There haven’t been many great moments in this year’s election. Oh sure, if you were a Bernie Sanders supporter you had those blissed out rallies that recalled the 1960s, where visions of socialism danced in their heads and hearts as the promise of a new kind of America without NAFTA, without fracking, with free college and single payer healthcare was offered up to those for whom eight years of Obama was never good enough. But if you were a Hillary Clinton supporter you sat steadfast with the truth. The truth that only Hillary could win the nomination — and not because it was “rigged” but because this wasn’t her first rodeo. She had the better team and she knew that nobody can win the Democratic primary without winning over black and Hispanic voters. Period, the end. Knowing this, the nightmare continued — the worst of the anger and rage directed at Hillary Clinton by the far left did not stop until the very day Bernie Sanders endorsed Hillary Clinton. He could have likely stopped a lot of it had he acted sooner. He could have stopped the death threats, the spitting, the screaming, throwing dollar bills at her and calling her a whore. But he clung on and let the wounds fester. Bernie probably thought that his supporters loved him so much they would follow him anywhere, even over to Hillary Clinton. He was only partly right.
Now, many who loved him still love him and once again Bernie Sanders gets to emerge the hero. Beloved in the primary as the “only honest politician” who taught his supporters to think of Hillary Clinton as the enemy. Now he’s the good guy for stumping for her so hard state by state. “She’s not Bernie,” says Michael Moore, “but she isn’t Margaret Thatcher either.” Unlike Hillary, Bernie Sanders was never subjected to relentless unjust attacks — not by the GOP, not by Trump, not by Clinton herself. Yet his followers still see him as the victim, and so they see themselves as victims.
I dove into the mouth of the beast weeks ago when I wrote an agitating piece about Jill Stein voters. I had seen them first hand, their outrage, their bitterness, their hatred. I had seen them up close because they came to get in my face. If the Right wanted to help start a divisive war within the Democratic base, they succeeded, for the most part. The Green Party has made a lot of enemies too, and I’m sure that was never their intention. After all, we’re all here trying to fight for the same environmental protections that Trump and his team would dismantle immediately.
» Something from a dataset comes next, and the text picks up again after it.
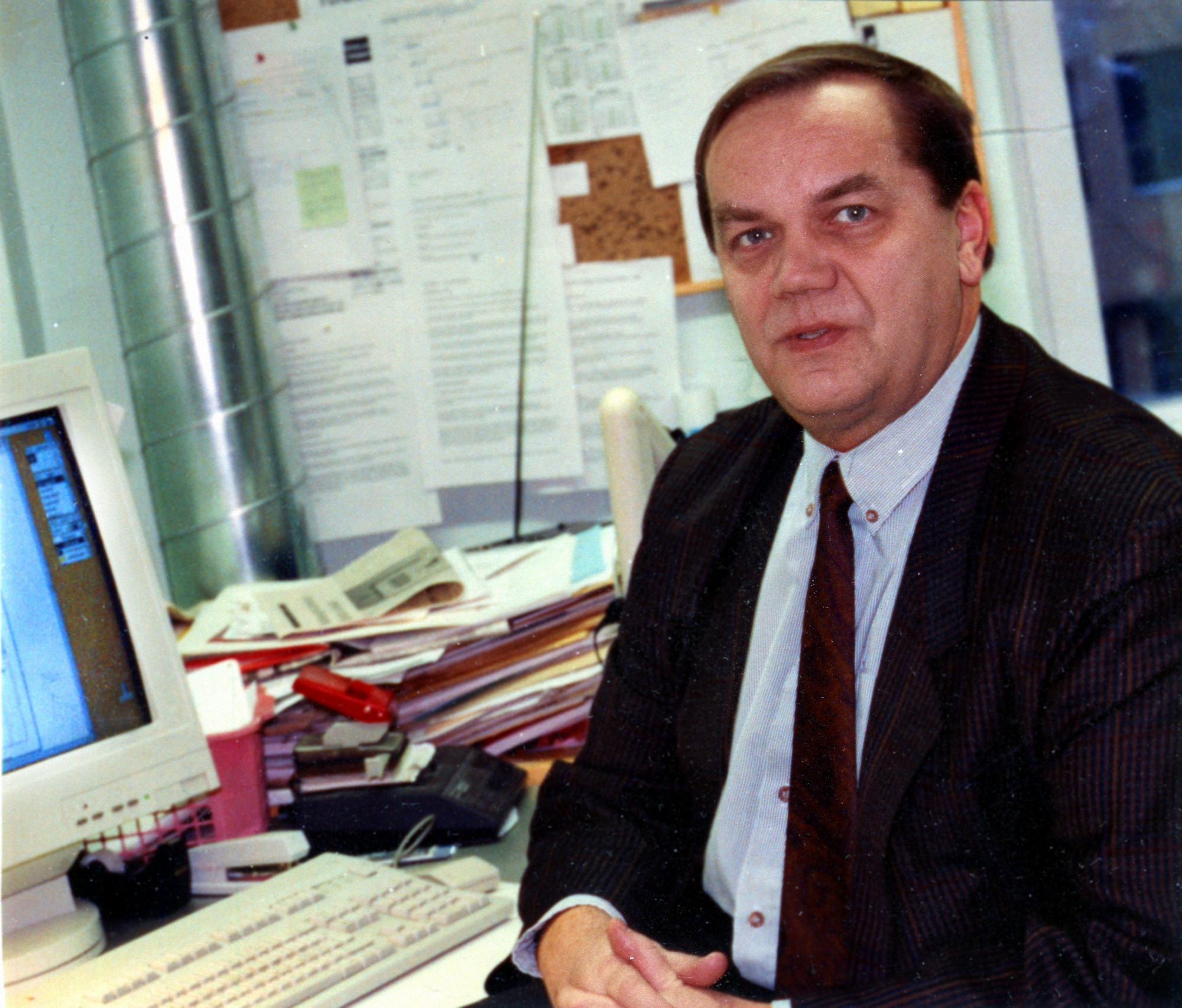 Editor-In-Chief Lauri Kosonen, January 1998, Lappeenranta, Finland

Yet, many of them still, like Susan Sarandon or Viggo Mortensen, can’t let go of their anger and hatred, even at risk of the high cost of seeing the Supreme Court tilt conservative for decades, even at the high cost of a white supremacist rising to power in the wake of our first black president. “No,” crows Sarandon, “I don’t VOTE WITH MY VAGINA!!” Well, sure she does. She votes with it all the time, and probably was voting for it when she supported Bernie Sanders, no offense. At any rate, there she is — clickbait extraordinaire — wreaking as much havoc as she can, right up to Election Day, so that she can say by the end, “See?! You should have nominated Bernie.”
Through this whole sick and twisted nightmare, a few heroes have emerged and I would be remiss if I did not highly praise both Michael Moore and, surprisingly, Tim Robbins who both are pulling for the Democrats to unite behind Hillary in the 11th hour. Robbins has written an op-ed in the Huffington Post. And Moore has been everywhere stumping as best he can for Hillary, as well as rushing his Trumpland doc to audiences last month.
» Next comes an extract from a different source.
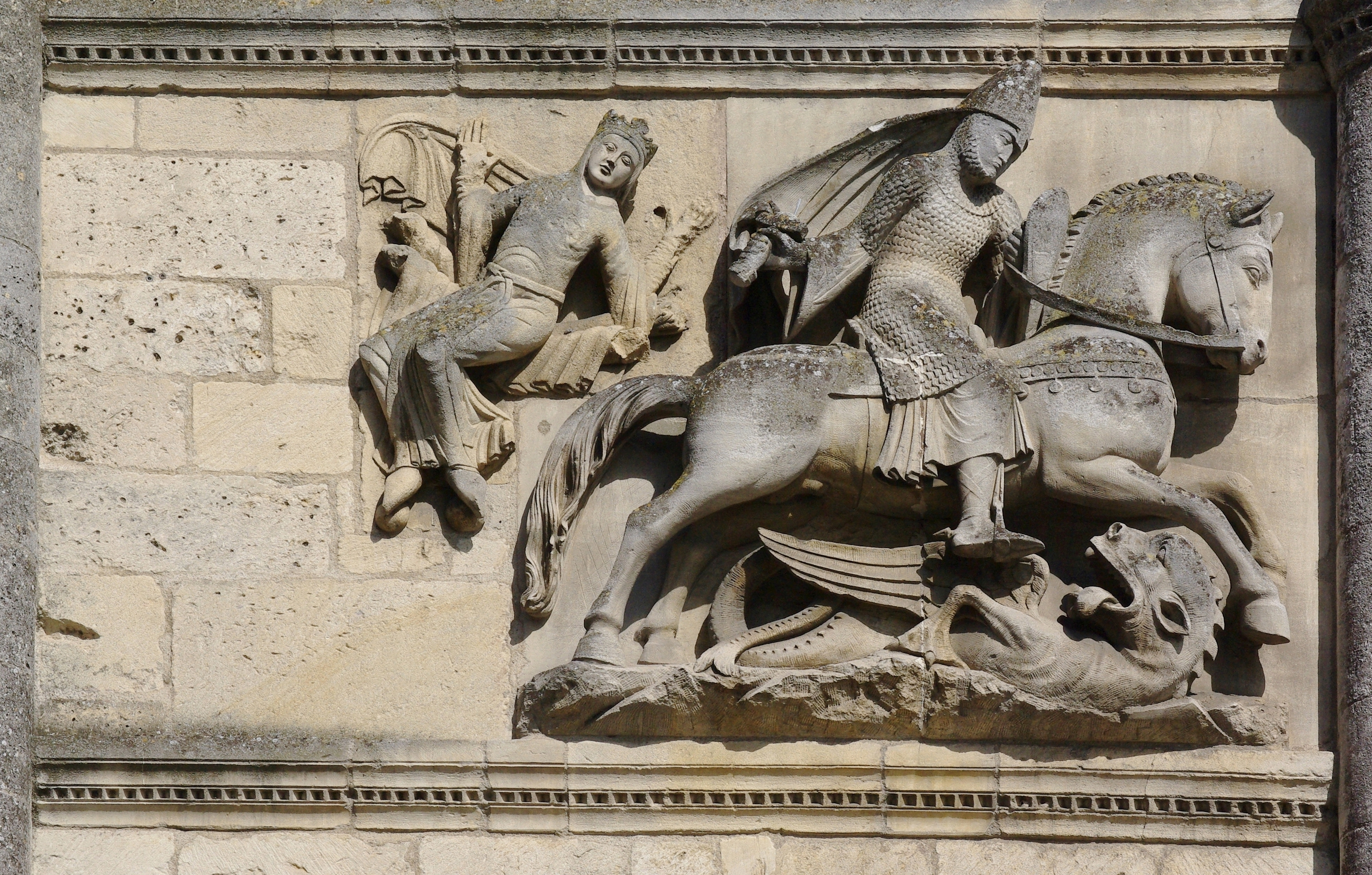 Statue of Saint George killing the Dragon. Façade, Cathédrale Saint-Pierre (XIIth century), Angoulême, Charente, France. The presence of the woman behind the horse is still unexplained.

Now, of course, there is only so much they can do. Too much toothpaste is out of the tube on that one. The damage had already been done by the time you saw shrieking Berners chanting “War Hawk” as Cory Booker spoke eloquently about children’s healthcare. We saw it seething again when they chanted at Michelle Obama, when the reality of what they could never face confronted them painfully and all they had left in their bag of tricks was to try to blow up the convention. What a shame. What a waste. What a disgrace.
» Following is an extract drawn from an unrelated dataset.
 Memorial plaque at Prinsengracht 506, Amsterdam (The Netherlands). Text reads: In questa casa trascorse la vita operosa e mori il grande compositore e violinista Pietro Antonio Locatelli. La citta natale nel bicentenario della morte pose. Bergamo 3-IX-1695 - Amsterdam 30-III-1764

But I’ll come out of this election admiring the people who did what was surely hard for them to do. They did it for the greater good. They did it because they know that there really is a good and bad choice here. There is a right and wrong. I will also come away from this election without the ability to forgive those who did everything in their power to allow the dark forces to rise in this country that threatened to put vulnerable people in harm’s way. Good luck Democrats. Good luck, Hillary Clinton.